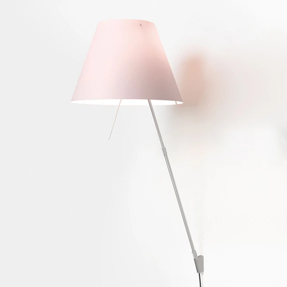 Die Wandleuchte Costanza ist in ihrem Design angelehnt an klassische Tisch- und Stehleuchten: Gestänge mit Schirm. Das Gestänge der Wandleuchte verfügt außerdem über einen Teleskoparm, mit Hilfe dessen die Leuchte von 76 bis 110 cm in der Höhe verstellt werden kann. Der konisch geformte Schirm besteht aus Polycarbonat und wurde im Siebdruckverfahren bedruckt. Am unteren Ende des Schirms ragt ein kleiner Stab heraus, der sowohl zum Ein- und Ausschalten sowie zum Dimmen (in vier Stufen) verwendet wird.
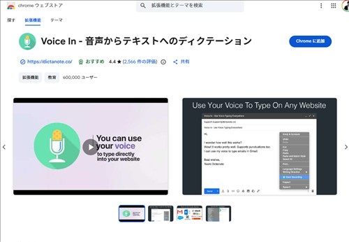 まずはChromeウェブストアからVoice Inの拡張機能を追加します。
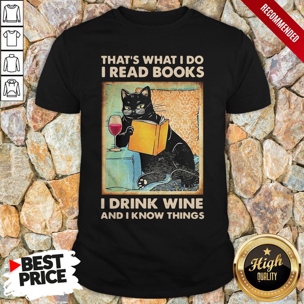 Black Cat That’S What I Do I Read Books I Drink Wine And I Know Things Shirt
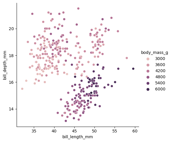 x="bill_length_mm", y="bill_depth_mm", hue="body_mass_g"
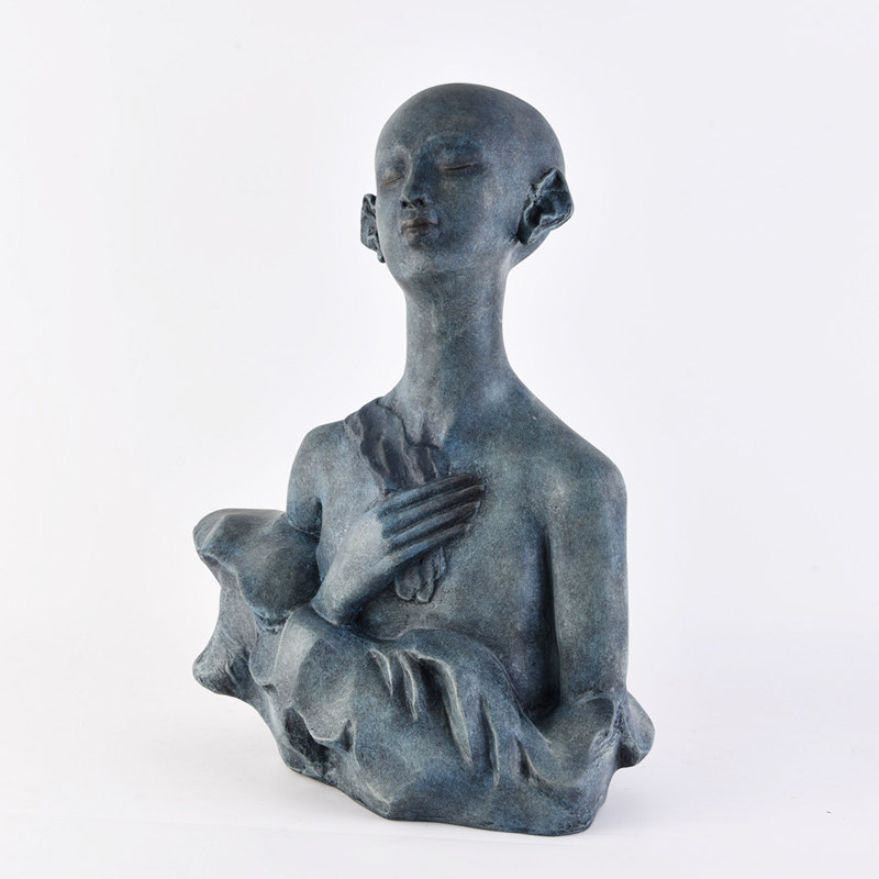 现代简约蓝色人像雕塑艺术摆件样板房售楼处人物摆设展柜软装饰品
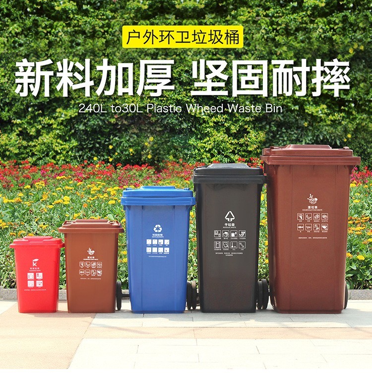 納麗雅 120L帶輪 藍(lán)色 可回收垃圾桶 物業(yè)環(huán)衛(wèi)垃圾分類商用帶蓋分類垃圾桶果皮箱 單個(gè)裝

◆ ◆ ◆ ◆ ◆ ◆ ◆

WHAT THE EXERCISE ASKS: Can you restate all the records above word for word while dropping the pictures?

ANSWER SPACE:
 Die Wandleuchte Costanza ist in ihrem Design angelehnt an klassische Tisch- und Stehleuchten: Gestänge mit Schirm. Das Gestänge der Wandleuchte verfügt außerdem über einen Teleskoparm, mit Hilfe dessen die Leuchte von 76 bis 110 cm in der Höhe verstellt werden kann. Der konisch geformte Schirm besteht aus Polycarbonat und wurde im Siebdruckverfahren bedruckt. Am unteren Ende des Schirms ragt ein kleiner Stab heraus, der sowohl zum Ein- und Ausschalten sowie zum Dimmen (in vier Stufen) verwendet wird.
 まずはChromeウェブストアからVoice Inの拡張機能を追加します。
 Black Cat That’S What I Do I Read Books I Drink Wine And I Know Things Shirt
 x="bill_length_mm", y="bill_depth_mm", hue="body_mass_g"
 现代简约蓝色人像雕塑艺术摆件样板房售楼处人物摆设展柜软装饰品
 納麗雅 120L帶輪 藍(lán)色 可回收垃圾桶 物業(yè)環(huán)衛(wèi)垃圾分類商用帶蓋分類垃圾桶果皮箱 單個(gè)裝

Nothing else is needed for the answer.